Neither PAI-1act nor CLT differed across the novel C428T or the G429A genotype except in the urban subgroup, where homozygous wildtype participants had significantly higher PAI-1act levels than the A-allele group. Although the G429A polymorphism has been previously identified, no information is available in the literature regarding its effect on PAI-1 levels. A possible reason for the apparent lack of effect of these two SNPs may be that the SNPs were not present within a known transcription factor binding site (as determined with the UCSC genome browser using the TFBS conserved and ENCODE regulation tracks).

Associations of cardiovascular disease risk factors with PAI-1act

The 4G/5G polymorphism explained less than one percent of the variance of PAI-1act in this population. The main contributor to PAI-1act variance in this population was waist circumference, followed by sex and triglyceride concentration. This is in agreement with Verschuur et al. [35], who found obesity to be a more important determinant of PAI-1 levels than genetic variation in the PAI-1 promoter area. It is also possible, however, that PAI-1 levels can be influenced by polymorphisms outside the PAI-1 gene. Huang et al. [21], for example recently found SNPs in the ARNTL and the PPARG genes to have genome-wide significant association with circulating PAI-1 levels.

Gene-environment interactions - 4G/5G polymorphism

The relationship between PAI-1 levels, the 4G/5G genotype and BMI, although extensively studied, remains controversial. Genotype-specific differences in PAI-1act levels were present in all BMI ranges in our study population, except for BMI <18.8 kg/m2, whereas in white populations, they have sometimes been observed in obese individuals only [36][38], while in other studies [35] they have appeared in lean individuals only. In agreement with results from Sartori et al. [38], these differences were also present in individuals with central obesity but not in those with a normal waist circumference. We additionally found significant interactions of the 4G/5G genotypes with waist circumference and BMI in determining PAI-1act levels in this apparently healthy population, with PAI-1act increasing more rapidly with increasing BMI and WC in the 4G allele group. These results are in agreement with McCormack et al. [39], who investigated these associations in Pima Indians. Ossei-Gerning et al. [23], however, found the association between BMI and PAI-1 to be stronger in the 5G/5G genotype in a group of 453 white patients with a history of myocardial infarction. In vitro studies aiming at elucidating possible mechanisms for this interaction, found no effect of genotype on promoter activity in HepG2 or BEAC cells [35], nor did it influence the adipose secretion rate of PAI-1 [40]. With the 4G/5G polymorphism being a response polymorphism, ethnic differences as well as differences in study population characteristics (healthy vs diseased), probably contribute to these discrepancies in the literature.

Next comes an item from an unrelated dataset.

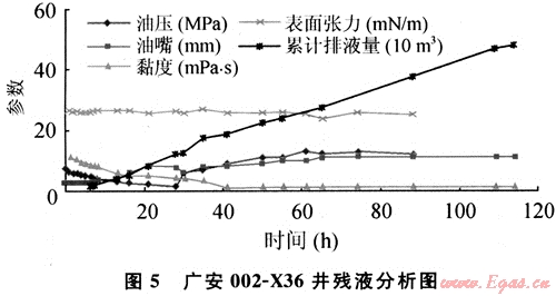 廣安002-X36井施工結(jié)束45min后開(kāi)井排液。壓后自噴返排壓裂液173.7m3后出氣。至2007年9月27日,該井累計(jì)排液530m3,殘液的性能分析見(jiàn)圖5。

The relationship between PAI-1act and triglyceride levels was also found to be influenced by the 4G/5G genotype in our study population, with PAI-1act increasing more rapidly with increasing triglycerides in the 4G allele group. Similar associations were found in studies investigating CVD patients [23], [41], [42], although in studies investigating healthy white individuals, genotype was not found to influence this relationship [22], [43]. A possible explanation for the observed 4G/5G–triglyceride interaction is that the activity of a VLDL-response element in the PAI-1 promoter area was found to be influenced by the 4G/5G polymorphism located adjacent to and upstream of the binding site of the VLDL-inducible transcription factor [44].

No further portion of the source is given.